Section 3 - The duties of the
Committee for Fund Raising and Ceremonies are: - Raising funds
for the Corporation - Organizing religious and traditional ceremonies
- Services to Buddhist monks residing at the location of the Corporation.
Section 4 - The duties of the
Committee for Construction and Maintenance are: - Constructing
and repairing the property of the Corporation. - Decorating the
place for various ceremonies.
Section 5 - The Committees' Presidents shall be chosen
from among themselves and from the members of the Corporation.
Section 6 - In addition to
the President, each committee shall have at least four members
to be chosen by the Board of Directors among the members of the
Corporation on the proposition of the Committee's President.
ARTICLE X
Finances
Section 1 - All checks or drafts
of payments of indebtedness of the Corporation shall be signed
by the President or Treasurer of the Corporation. In the absence
of the President or Treasurer, the Board of Directors, by the
majority of vote may instruct the Vice President, or Deputy Treasurer
and Assistant Deputy Treasurer and Secretary to act.
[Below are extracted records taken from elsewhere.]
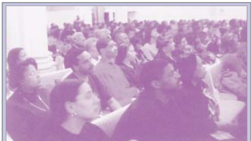
The pews are filled during a typical Sunday worship service at Salem Baptist Church of Chicago
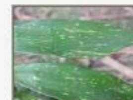
Zam_var5050075.JPG Zamia variegata. Conejo Creek, Toledo.
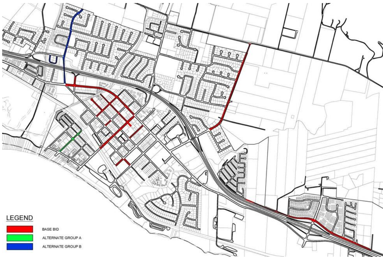
Proposed street segments to include in the 2017 Pavement Maintenance Project.

Public Works was authorized to move forward on a citywide pavement maintenance project utilizing $500,000 of the General Fund. Staff has worked with engineers at Pavement Engineering Inc. (PEI) to develop a list of proposed street segments to apply slurry seal treatment to and took it to City Council in November for approval. The Department has advertised this project for bid and anticipates work to begin in the fall.

Section 2 - All funds of the Corporation shall be deposited
immediately to the Checking or Saving Accounts of "The Cambodian
Buddhist Society, Inc." in such banks as the Board of Directors
may select.
Section 3 - A voucher for all expenses shall be made and
signed by the President and Treasurer or Deputy Treasurer.
Section 4 - The President or
Treasurer of the Corporation may approve any single expense of
not more than one hundred dollars ($100.00). The expenses from
one hundred dollars ($100.00) to five hundred dollars ($500.00)
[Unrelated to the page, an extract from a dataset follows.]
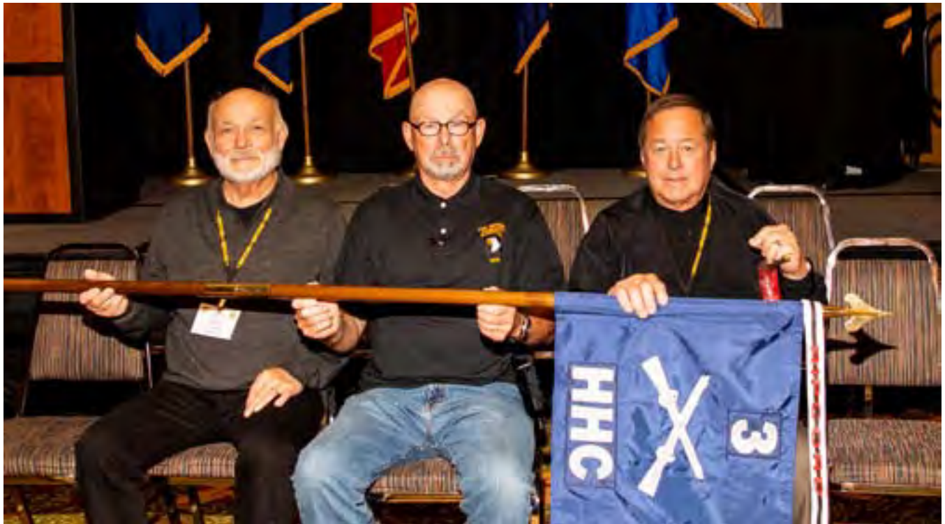
3rd BRIGADE HHC

shall be approved by the President, Treasurer and Secretary. Any
higher expenses of more than five hundred dollars ($500.00) shall
be approved by the Board of Directors. All other regular expenses
shall have a statement of disbursement with enclosing receipts
to the Assistant Deputy Treasurer.
ARTICLE XI
Advisory Boards
Section 1 - The Advisory Boards
shall consist of representatives of the various Buddhist traditions
and of other officers from different public offices and organizations
that may help in contributing all kinds of supports for the proper
function, and for the progress of the Corporation.
Section 2 - The Advisory Boards shall be chosen by the
Board of Directors.
ARTICLE XII
Amendments
Section 1 - These By-Laws may
be amended by an affirmative vote of two-third (2/3) of the members
voting, but such action shall not, in any way, affect the Corporation's
qualification under Section 501 (c) (3) of the Internal Revenue
Code of 1954.
ARTICLE XIII
Fiscal Year
Section 1- The fiscal year
of the Corporation shall begin on the first day of January and
end at the end of December of each calendar year.
ARTICLE XIV
Seal
Section 1 - The Board of Directors
shall provide a Corporate seal which shall have a form of a "wheel"
with eight "spokes", with the Buddha in the center, and with the
name of the Corporation inscribed, in both Cambodian and English
languages, on the outer side of the 'Wheel".
ARTICLE XV
Abbreviation of Corporation's name
Section 1 - The San Jose Cambodian
Buddhist Society, Inc. shall be abbreviated to S.J.C.B.S, Inc.
CERTIFICATE OF SECRETARY
OF
THE SAN JOSE CAMBODIAN BUDDHIST SOCIETY, INC.
I hereby certify that I am the duly
elected and acting Secretary of said corporation and that the
foregoing By-Laws, comprising 7 (seven) pages, constitute the
Bylaws of said corporation as duly adopted at a meeting of the
Board of Directors thereof held on June 29, 1986.